**PROBLEM**
In the records below, find the line containing "建筑师与业主密切合作,用旧的" and return it together with every later line, exactly as written; pictures are to be omitted.

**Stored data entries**
+-------+

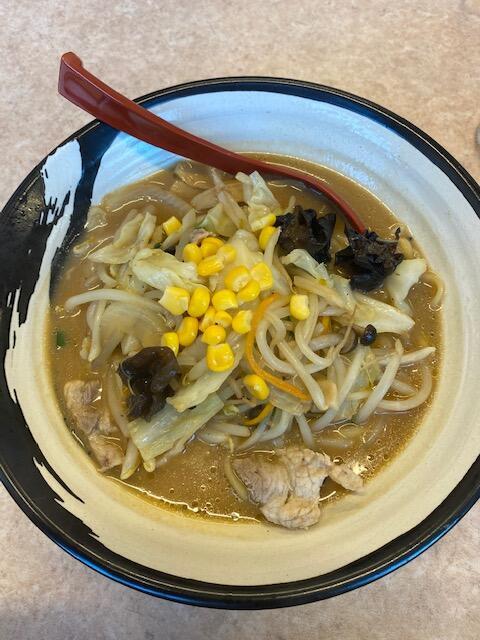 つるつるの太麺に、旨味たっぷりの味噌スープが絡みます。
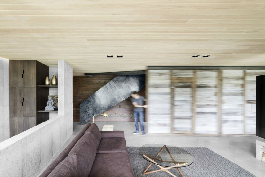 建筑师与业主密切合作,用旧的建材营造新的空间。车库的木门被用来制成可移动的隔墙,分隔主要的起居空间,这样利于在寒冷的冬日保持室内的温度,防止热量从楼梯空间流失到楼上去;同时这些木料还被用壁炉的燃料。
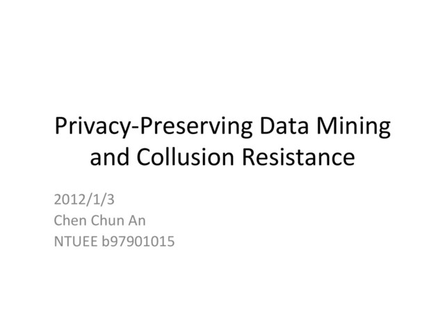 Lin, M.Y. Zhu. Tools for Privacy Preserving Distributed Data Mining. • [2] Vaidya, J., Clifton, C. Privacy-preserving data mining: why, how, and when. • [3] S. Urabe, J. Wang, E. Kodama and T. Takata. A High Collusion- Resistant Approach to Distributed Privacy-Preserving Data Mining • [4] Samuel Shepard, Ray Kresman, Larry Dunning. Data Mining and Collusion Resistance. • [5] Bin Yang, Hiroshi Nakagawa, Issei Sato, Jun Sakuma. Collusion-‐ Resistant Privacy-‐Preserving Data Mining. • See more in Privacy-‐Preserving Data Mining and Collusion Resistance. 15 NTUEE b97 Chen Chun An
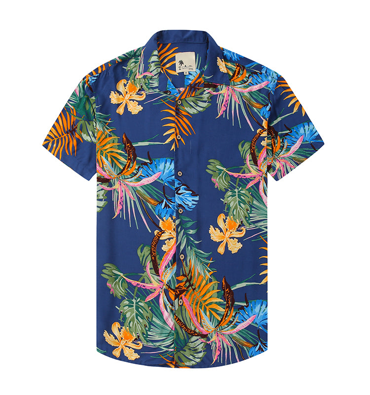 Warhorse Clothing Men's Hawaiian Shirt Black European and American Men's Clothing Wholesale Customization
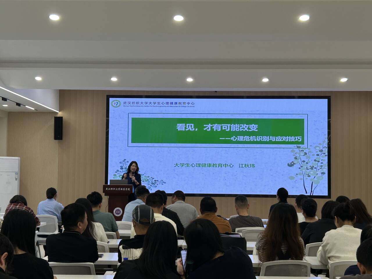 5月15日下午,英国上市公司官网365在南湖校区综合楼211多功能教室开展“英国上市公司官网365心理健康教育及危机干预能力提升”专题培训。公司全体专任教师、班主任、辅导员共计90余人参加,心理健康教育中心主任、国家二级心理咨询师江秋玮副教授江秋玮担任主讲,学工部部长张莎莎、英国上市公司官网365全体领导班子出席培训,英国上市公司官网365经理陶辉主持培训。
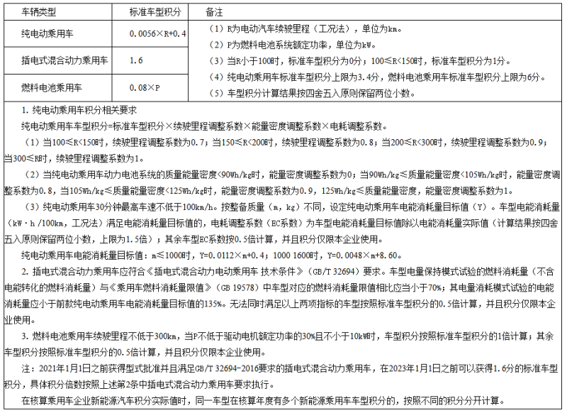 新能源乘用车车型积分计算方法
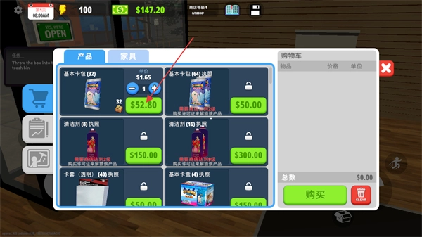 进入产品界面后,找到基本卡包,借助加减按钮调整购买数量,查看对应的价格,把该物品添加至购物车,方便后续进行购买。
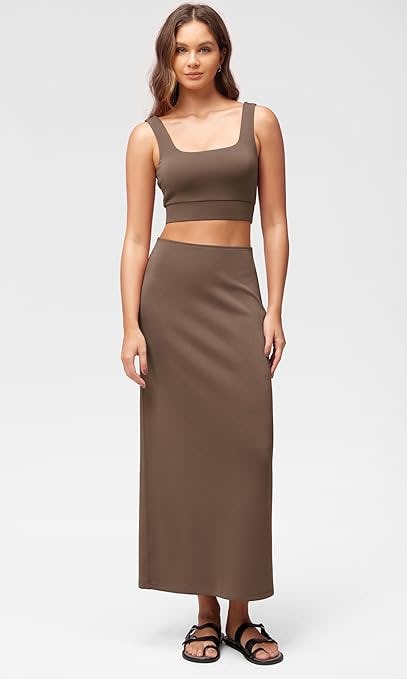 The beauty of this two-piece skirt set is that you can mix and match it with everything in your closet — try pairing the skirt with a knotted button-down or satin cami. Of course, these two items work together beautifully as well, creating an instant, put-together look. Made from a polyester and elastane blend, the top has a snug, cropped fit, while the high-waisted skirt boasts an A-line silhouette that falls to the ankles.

+-------+

**RESPONSE TO THIS TASK**
 建筑师与业主密切合作,用旧的建材营造新的空间。车库的木门被用来制成可移动的隔墙,分隔主要的起居空间,这样利于在寒冷的冬日保持室内的温度,防止热量从楼梯空间流失到楼上去;同时这些木料还被用壁炉的燃料。
 Lin, M.Y. Zhu. Tools for Privacy Preserving Distributed Data Mining. • [2] Vaidya, J., Clifton, C. Privacy-preserving data mining: why, how, and when. • [3] S. Urabe, J. Wang, E. Kodama and T. Takata. A High Collusion- Resistant Approach to Distributed Privacy-Preserving Data Mining • [4] Samuel Shepard, Ray Kresman, Larry Dunning. Data Mining and Collusion Resistance. • [5] Bin Yang, Hiroshi Nakagawa, Issei Sato, Jun Sakuma. Collusion-‐ Resistant Privacy-‐Preserving Data Mining. • See more in Privacy-‐Preserving Data Mining and Collusion Resistance. 15 NTUEE b97 Chen Chun An
 Warhorse Clothing Men's Hawaiian Shirt Black European and American Men's Clothing Wholesale Customization
 5月15日下午,英国上市公司官网365在南湖校区综合楼211多功能教室开展“英国上市公司官网365心理健康教育及危机干预能力提升”专题培训。公司全体专任教师、班主任、辅导员共计90余人参加,心理健康教育中心主任、国家二级心理咨询师江秋玮副教授江秋玮担任主讲,学工部部长张莎莎、英国上市公司官网365全体领导班子出席培训,英国上市公司官网365经理陶辉主持培训。
 新能源乘用车车型积分计算方法
 进入产品界面后,找到基本卡包,借助加减按钮调整购买数量,查看对应的价格,把该物品添加至购物车,方便后续进行购买。
 The beauty of this two-piece skirt set is that you can mix and match it with everything in your closet — try pairing the skirt with a knotted button-down or satin cami. Of course, these two items work together beautifully as well, creating an instant, put-together look. Made from a polyester and elastane blend, the top has a snug, cropped fit, while the high-waisted skirt boasts an A-line silhouette that falls to the ankles.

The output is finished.